[Stored records]
::::::::

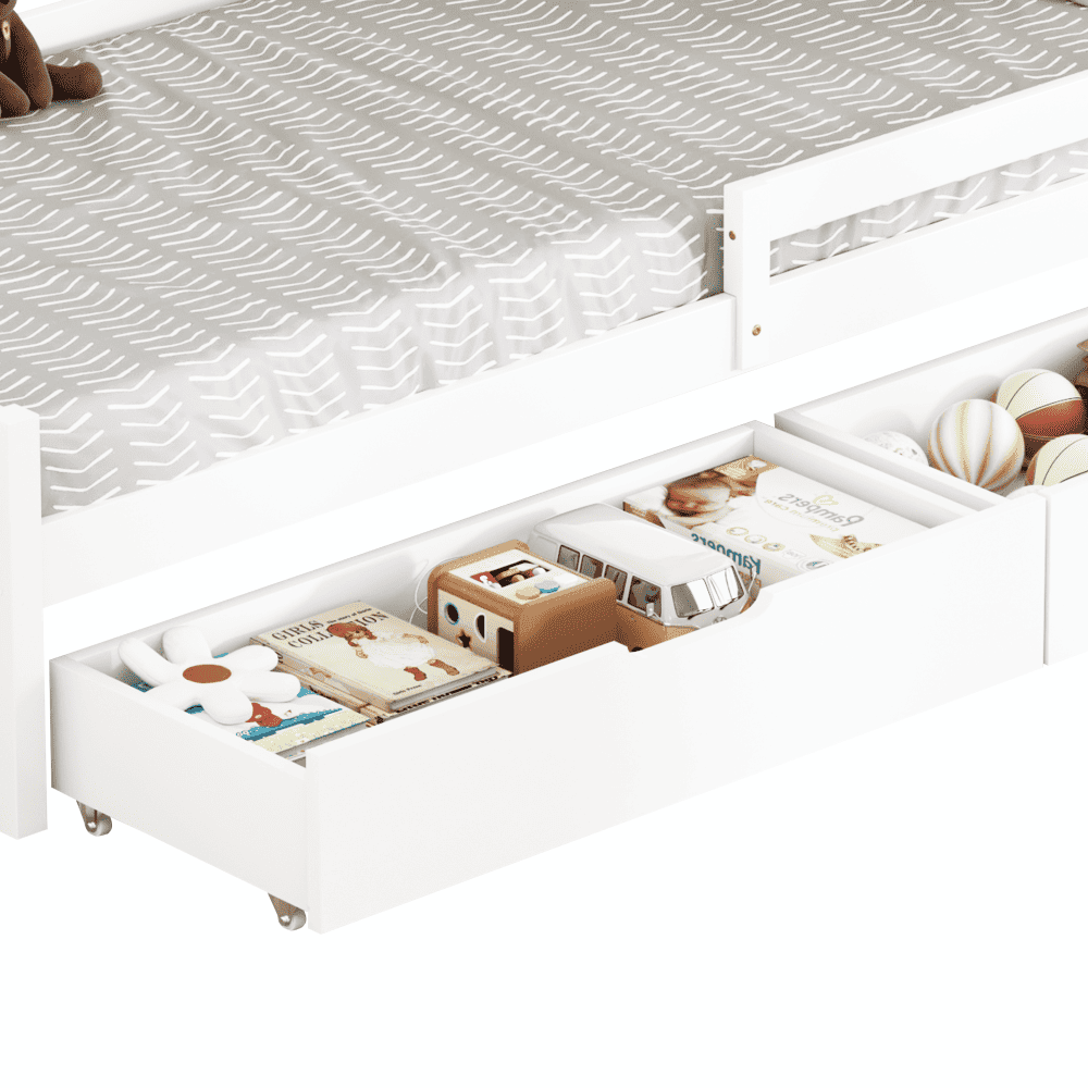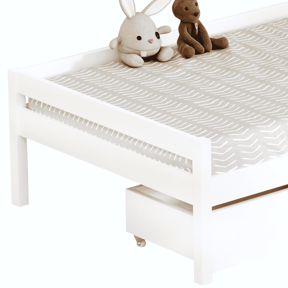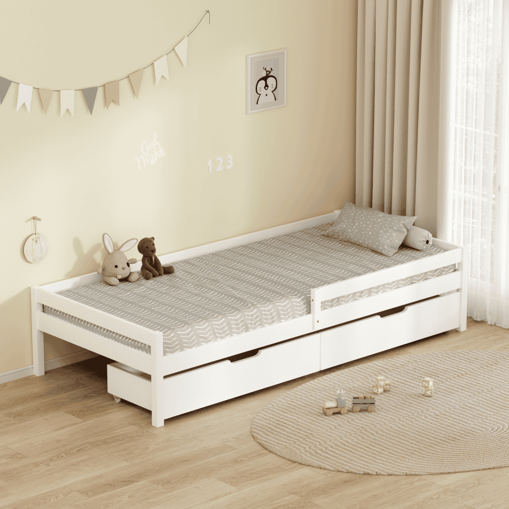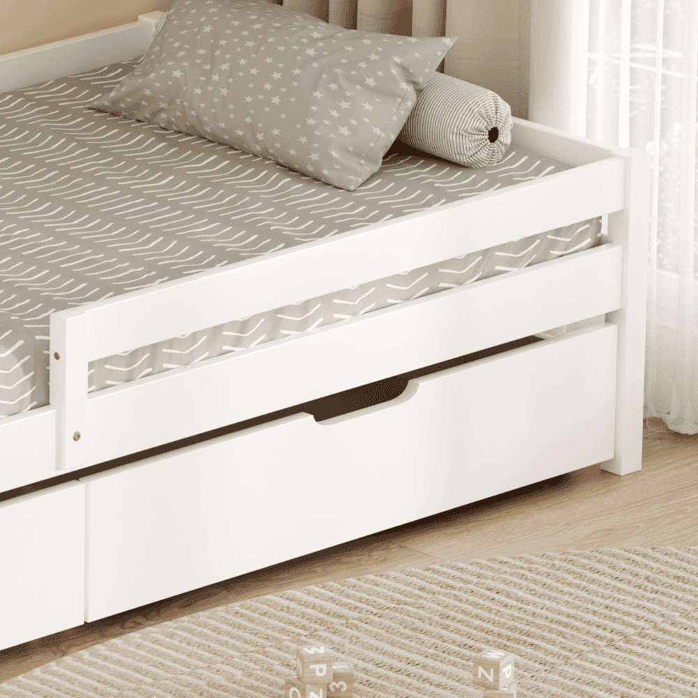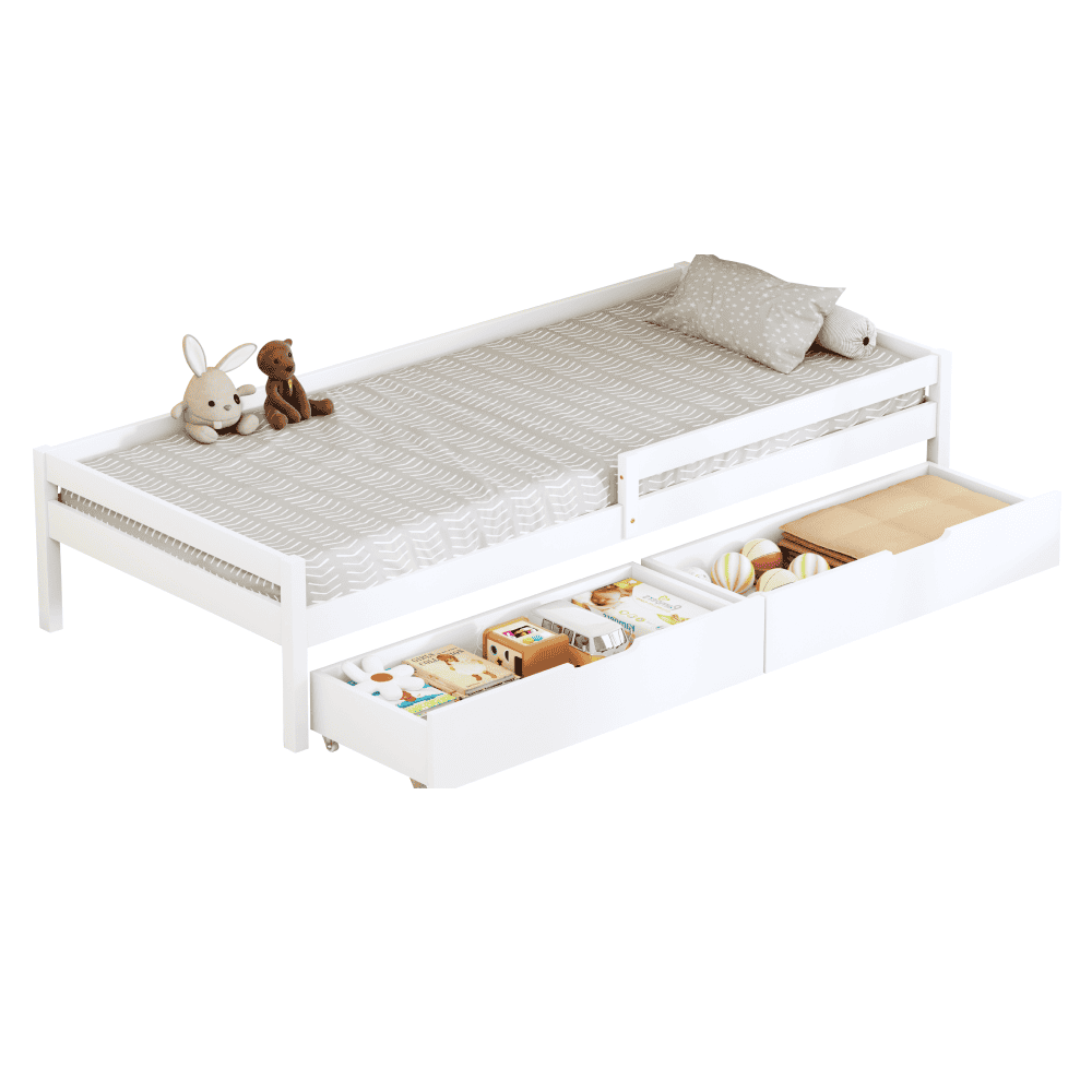 Pat pentru copii cu spaţiu de depozitare, 90×200, alb, MIX NEW
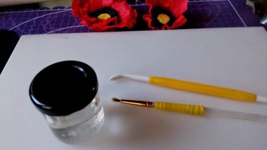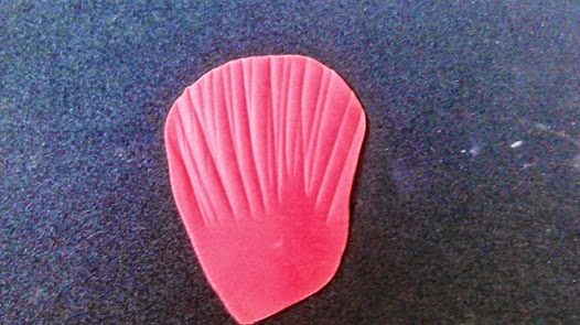 Pon el pétalo sobre la almoadilla y con la esteca que te hablé más arriba haz líneas como vez en la foto.. si no tienes esa esteca, con un cuchillo filo romo..
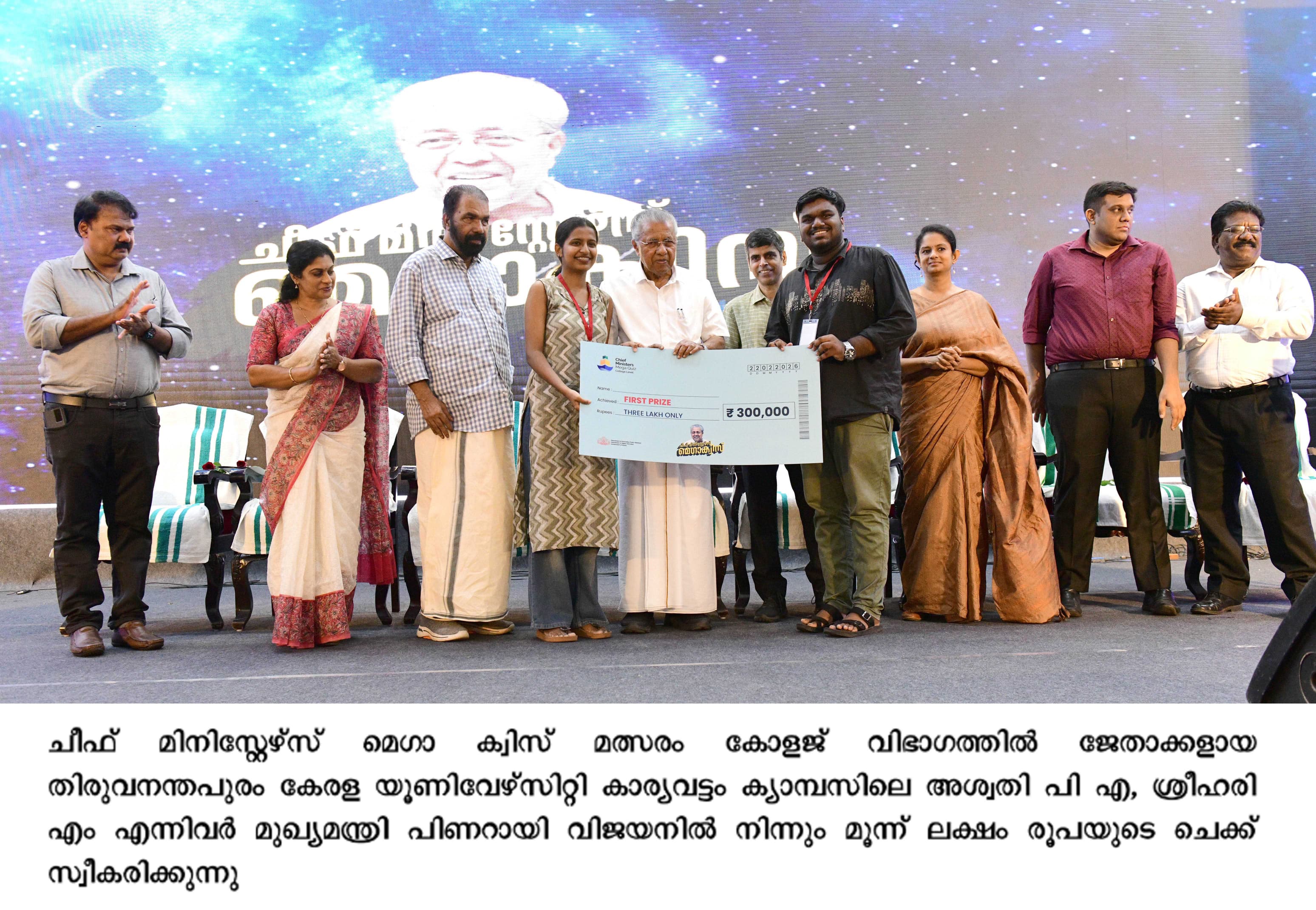 ചീഫ് മിനിസ്റ്റേഴ്‌സ് മെഗാ ക്വിസ്: എൻഎസ്എസ് മടവൂർ ,കാര്യവട്ടം യൂണിവേഴ്സിറ്റി കാമ്പസ് ജേതാക്കൾ
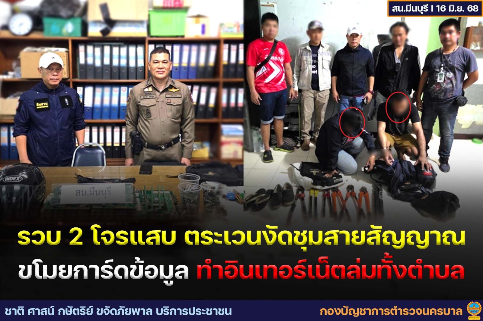 เมื่อวันที่ 15 มิถุนายน 2568 เวลาประมาณ 23.30 น. สืบเนื่องจากฝ่ายสืบสวน สน.มีนบุรี ได้รับแจ้งว่า มีคนร้ายก่อเหตุลักสายไฟสัญญาณโทรศัพท์ ที่ตั้งชุมสาย ในซอยสุวินทวงศ์ 18/1 พบว่าประตูเหล็กตู้ชุมสายถูกตัดและอุปกรณ์ชุมสายดังกล่าวก็มีร่อยรอยถูกตัดเช่นเดียวกัน ยังมีอุปกรณ์ชุมสายอื่นๆหลายอย่างได้หายไปส่งผลทำให้ระบบสัญญาณโทรศัพท์ล่มจำนวน 2 ชุมสาย ชาวบ้านเดือดร้อนและมีผู้เสียหายเข้าแจ้งความที่ สน.มีนบุรี จากการตรวจสอบจากกล้องวงจรปิดในที่เกิดเหตุพบคนร้ายชาย 1 คน และหญิง 1 คน ใช้รถจยย.คนละคัน ก่อนขี่รถหลบหนีไปปลายทางที่แฟลตเอื้ออาทรมีนบุรี ซอยรามอินทรา 127 นำกำลังจับกุมผู้ต้องหาทั้งคู่ได้ที่ห้องพักพร้อมกลางดังกล่าว และรถ จยย.จอดไว้อยู่ข้างแฟลต
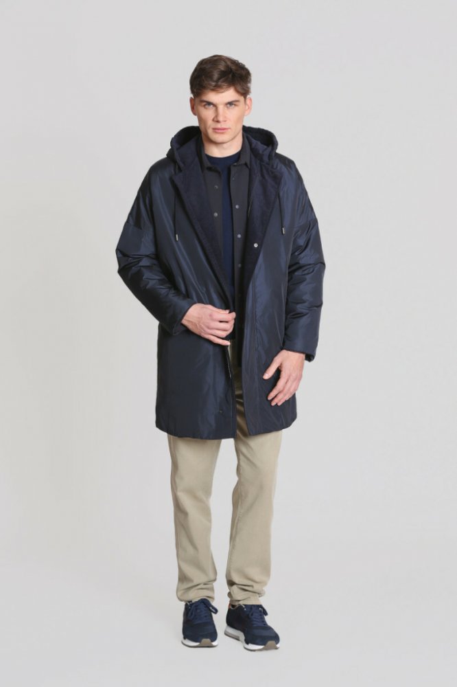Pánský kabát uvolněného střihu, jehož povrchový materiál z recyklovaného nylonu má vodoodpudivou úpravu. Jednobarevný design s posunutou linií ramen a skrytým zapínáním na zip překrytým légou doplňují boční kapsy s lemováním. Fixní kapuce je ozdobena sametovým podšitím a šňůrkou na stažení. Interiér je opatřen středně silnou vatovou výplní Thermore. Tento maximálně komfortní a výborně kombinovatel...
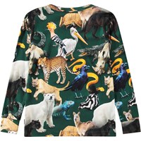 Multifarvet bluse i økologisk bomuld med lange ærmer, ribkant og rib i halsen. Blusen har en almindelig pasform og et alloverprint af en masse forskellige dyr på en grøn baggrund.
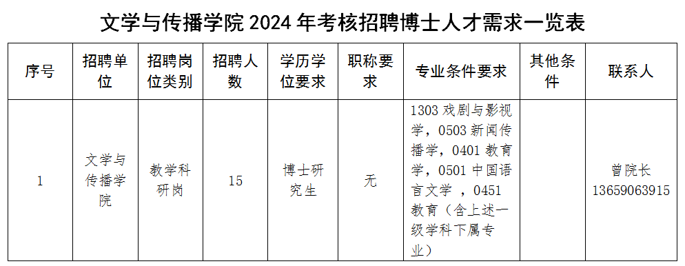 本次面向国内外招聘博士研究生人员,且同时符合《四川文理学院文学与传播学院2024年考核招聘博士人才需求一览表》(附件1)相关岗位要求和本公告其他要求的人员,包括以下几类(年龄计算截止时间2024年9月30日):
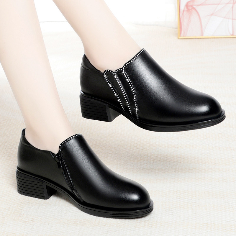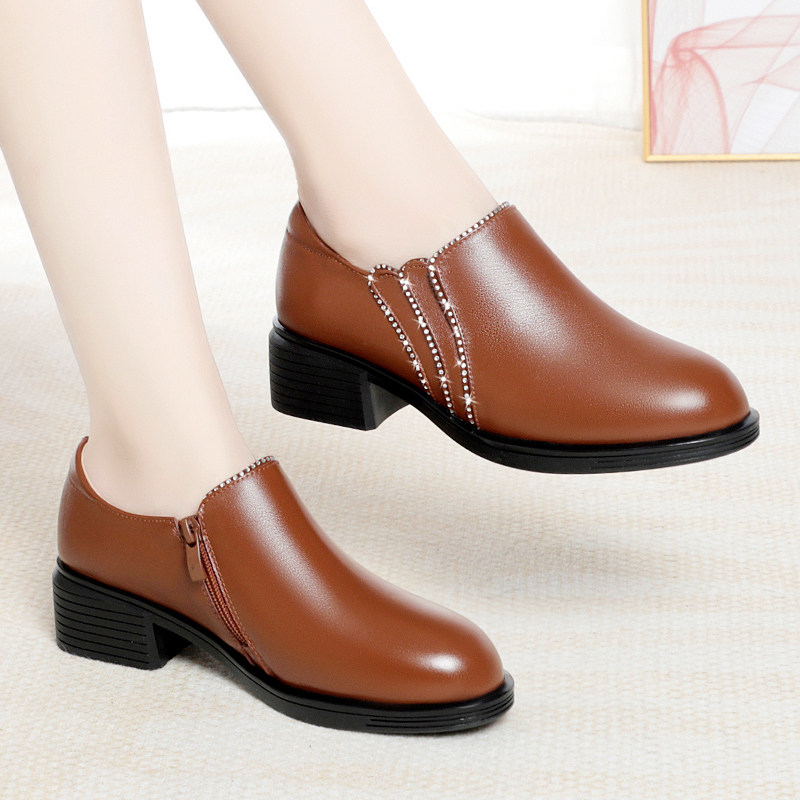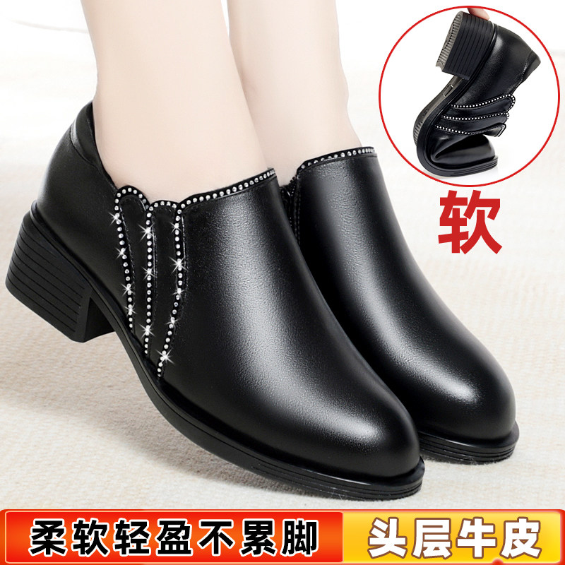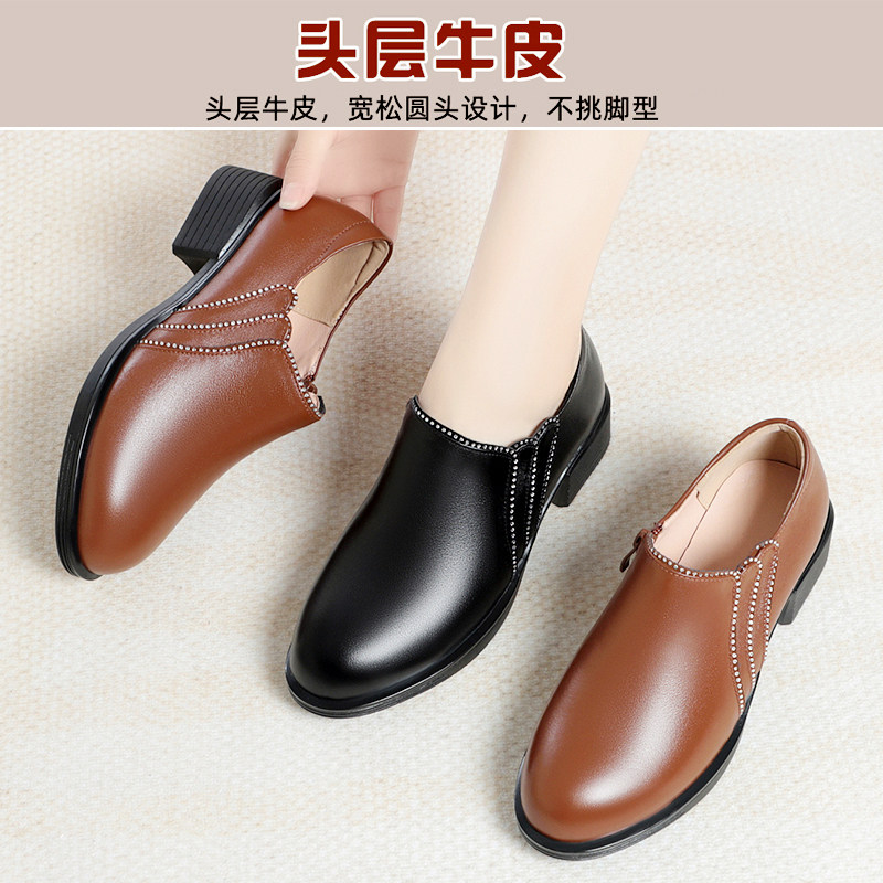 中年女士皮鞋真皮中跟不累脚女鞋头层牛皮妈妈鞋软底轻便软皮单鞋
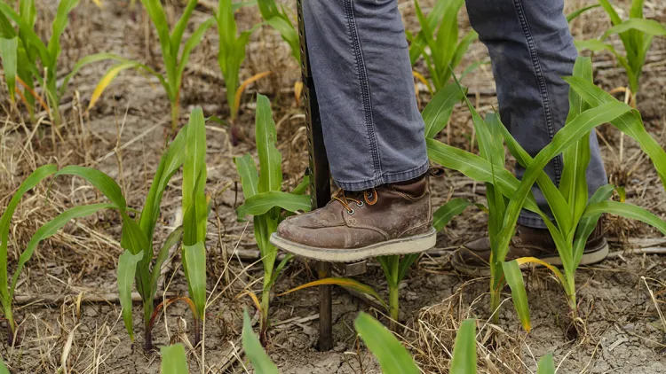 Joshua Faulkner squats in a corn field, scooping out the insides of a hole. He holds a handful of dark grey soil and squeezes it like a sponge. Beside him, a row of yellowed winter rye shakes in the wind.
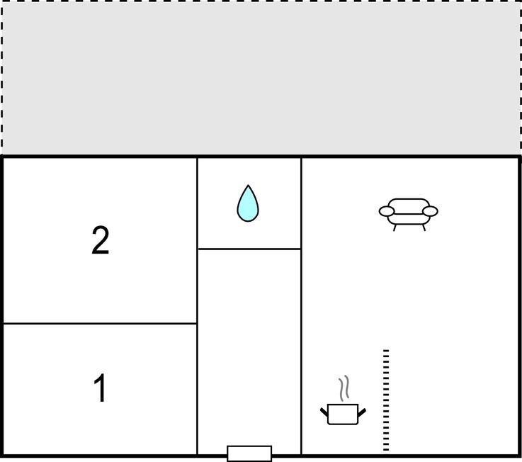 Opholdsstue/køkken 60m2 - 2 Sovepladser. (Sofa, madras eller lignende).
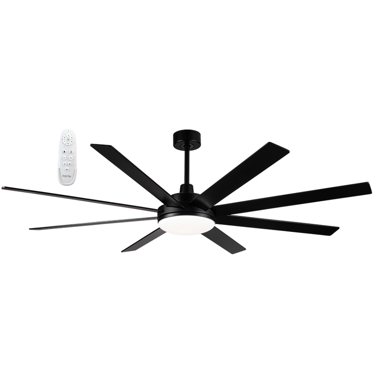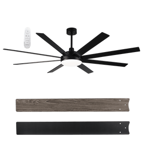 - Matt black ceiling fan with 8 reversible plywood blades (Dark Wood / Black)

::::::::

-- WHAT TO WORK ON --
Leave the pictures out and repeat exactly the lines from the beginning of the records to the line bearing "ചീഫ് മിനിസ്റ്റേഴ്‌സ് മെഗാ", both ends counted.

-- ANSWER FOR THIS EXERCISE --
 Pat pentru copii cu spaţiu de depozitare, 90×200, alb, MIX NEW
 Pon el pétalo sobre la almoadilla y con la esteca que te hablé más arriba haz líneas como vez en la foto.. si no tienes esa esteca, con un cuchillo filo romo..
 ചീഫ് മിനിസ്റ്റേഴ്‌സ് മെഗാ ക്വിസ്: എൻഎസ്എസ് മടവൂർ ,കാര്യവട്ടം യൂണിവേഴ്സിറ്റി കാമ്പസ് ജേതാക്കൾ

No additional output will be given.